═══ Data section
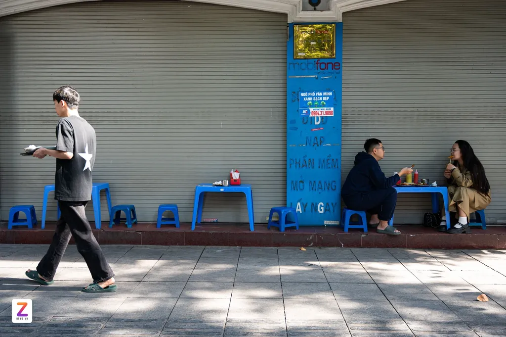 | Des habitants installés sur de petits tabourets en plastique dégustent des plats de rue sur la rue Quang Trung, arrondissement de Hoàn Kiếm. . |
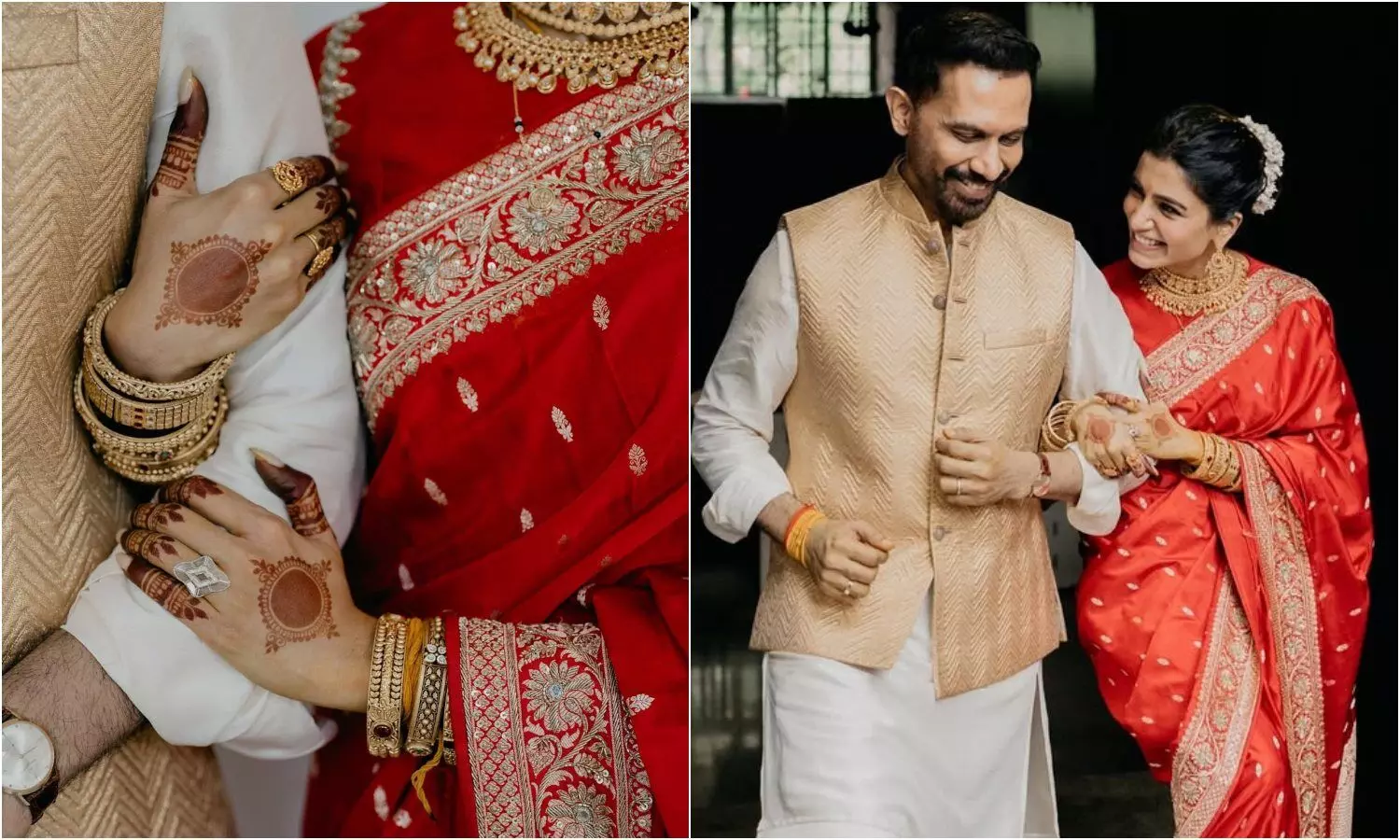 सामंथा ने अपनी शादी के दिन लाल साड़ी, सोने के गहने और सफेद फूलों से सजे बाल में बेहद खूबसूरत लग रही थीं। उन्होंने अपनी उंगली में काइट‑शेप वाली अंगूठी, मांगलसूत्र और मेहंदी भी दिखाई, जो उनके पारंपरिक और सादगीभरे अंदाज को दिखाता है।
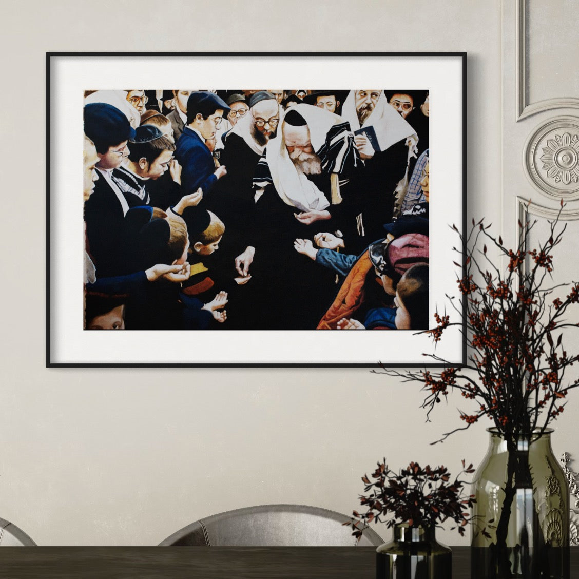 In the mesmerizing painting "Tzedoqah" by Pinchas Bensusan, the essence of the Lubavitcher Rebbe emanates with luminous intensity as he bestows blessings and charity upon the Jews gathered around him in the revered setting of 770, Crown Heights. The canvas vibrates with the palpable aura of devotion and love that envelops the Rebbe, drawing the viewer into the heart of this iconic scene. With masterful strokes, Bensusan captures not only the physical likeness of the Rebbe but also the spiritual gravity of his presence, evoking a sense of awe and love for the fellow jew. "Tzedoqah" stands as a poignant testament to the enduring legacy of the Lubavitcher Rebbe and his profound impact on world Jewry.
══════
(Task directions):
Set down all of the material word for word, but keep each picture out.

(Answer to this problem):
 | Des habitants installés sur de petits tabourets en plastique dégustent des plats de rue sur la rue Quang Trung, arrondissement de Hoàn Kiếm. . |
 सामंथा ने अपनी शादी के दिन लाल साड़ी, सोने के गहने और सफेद फूलों से सजे बाल में बेहद खूबसूरत लग रही थीं। उन्होंने अपनी उंगली में काइट‑शेप वाली अंगूठी, मांगलसूत्र और मेहंदी भी दिखाई, जो उनके पारंपरिक और सादगीभरे अंदाज को दिखाता है।
 In the mesmerizing painting "Tzedoqah" by Pinchas Bensusan, the essence of the Lubavitcher Rebbe emanates with luminous intensity as he bestows blessings and charity upon the Jews gathered around him in the revered setting of 770, Crown Heights. The canvas vibrates with the palpable aura of devotion and love that envelops the Rebbe, drawing the viewer into the heart of this iconic scene. With masterful strokes, Bensusan captures not only the physical likeness of the Rebbe but also the spiritual gravity of his presence, evoking a sense of awe and love for the fellow jew. "Tzedoqah" stands as a poignant testament to the enduring legacy of the Lubavitcher Rebbe and his profound impact on world Jewry.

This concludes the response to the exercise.